-------- Provided data --------
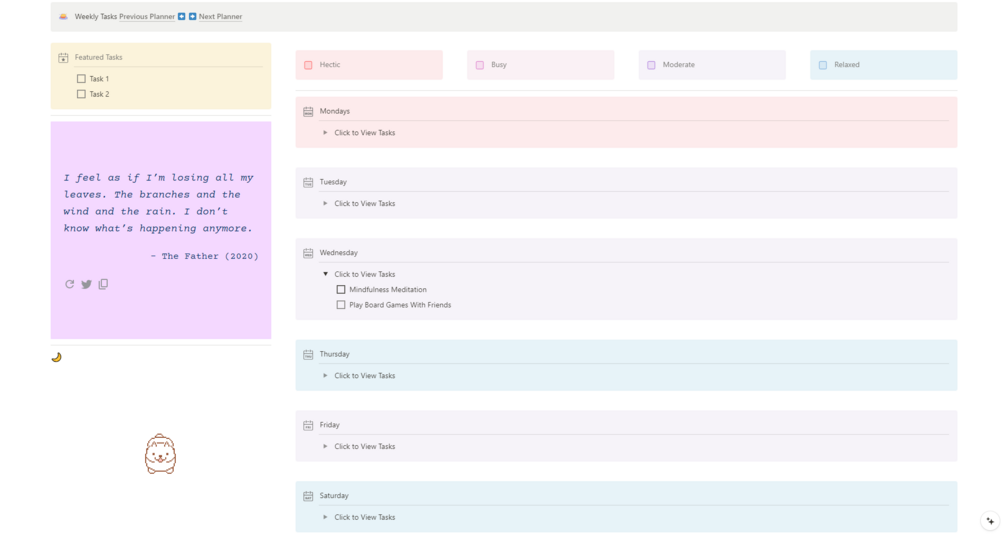 Stay on top of everything with this all-in-one Notion planner. Whether you're managing tasks, setting goals, or planning your weekβthis template has you covered.
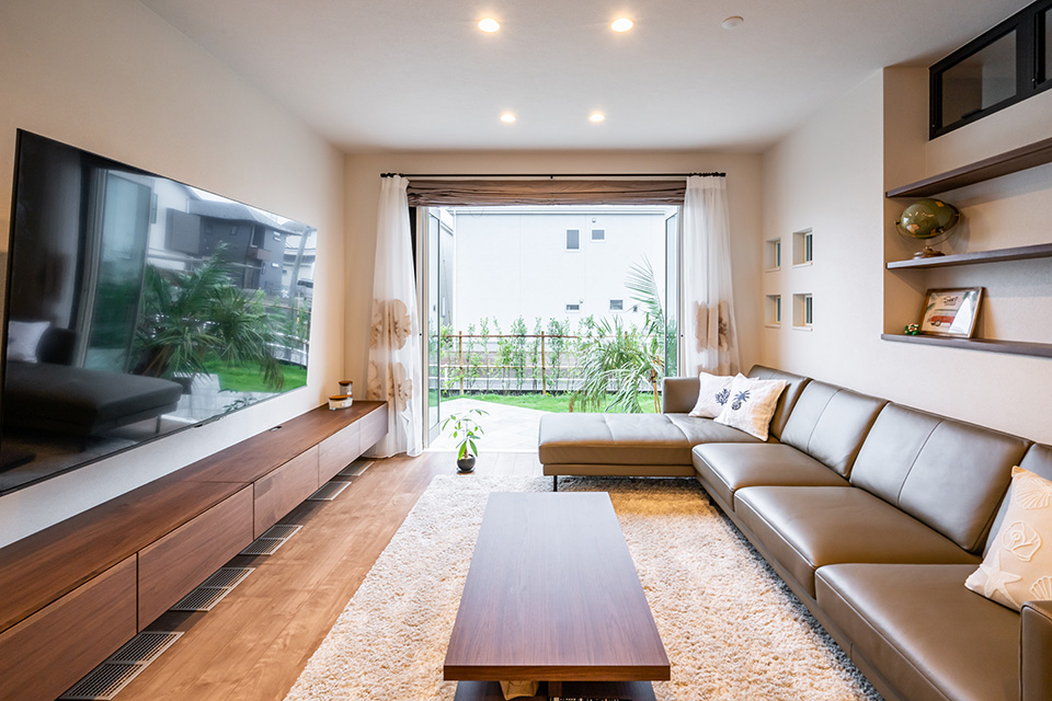 「快適だし、家にいるだけで幸せ」という奥様。リビングで映画鑑賞をしたり、庭の草花の手入れをしたりと、ご夫婦でおうち時間を楽しんでおられます。
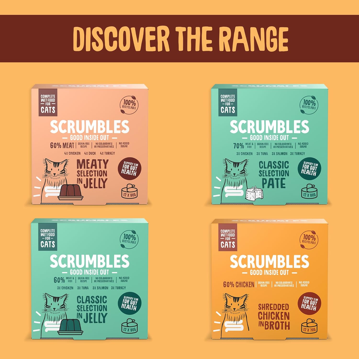 Scrumbles Natural Wet Cat Food, Shredded Chicken In Broth 12X 70G
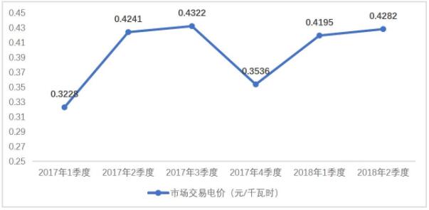 圖5 2017年-2018年2季度煤電市場(chǎng)交易電價(jià)走勢(shì)圖
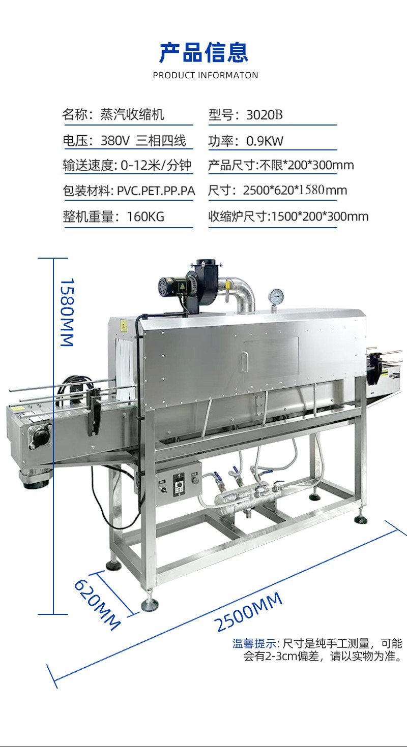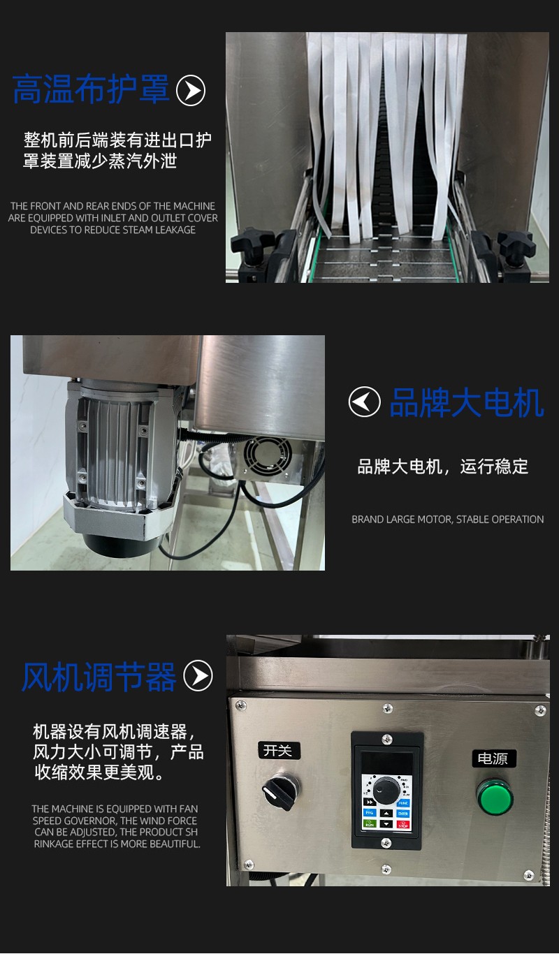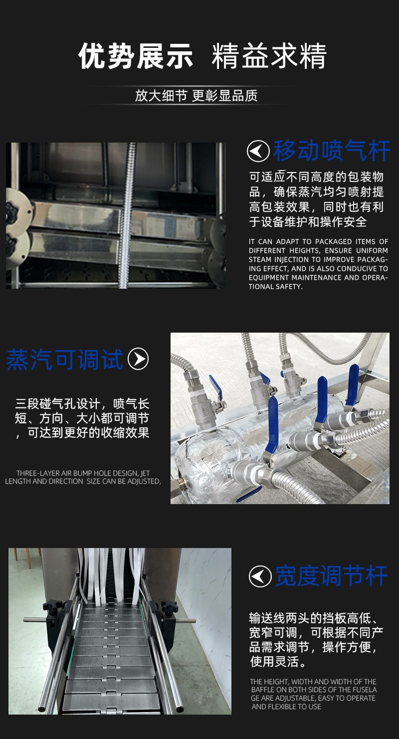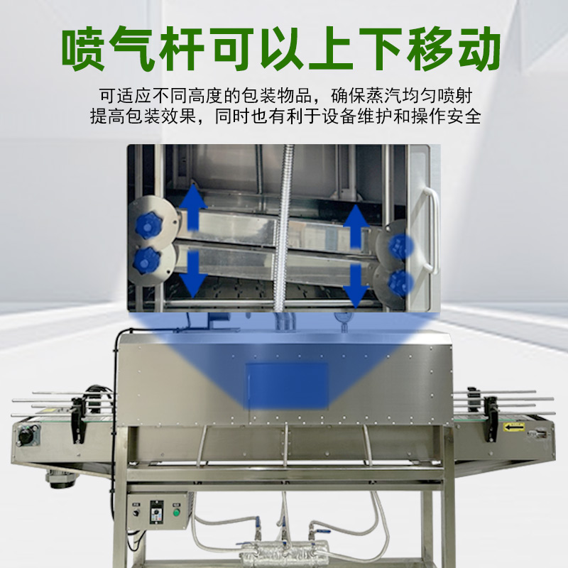 - 收缩通道:内部设有蒸汽喷射孔或喷嘴,通道长度与宽度根据产品尺寸可调,以确保蒸汽均匀覆盖。
--------
Try it: Give again, word for word, each line from the one holding "圖5 2017年-2018年" through the end of the entries, and leave out any picture.

Answer space:
 圖5 2017年-2018年2季度煤電市場(chǎng)交易電價(jià)走勢(shì)圖
 - 收缩通道:内部设有蒸汽喷射孔或喷嘴,通道长度与宽度根据产品尺寸可调,以确保蒸汽均匀覆盖。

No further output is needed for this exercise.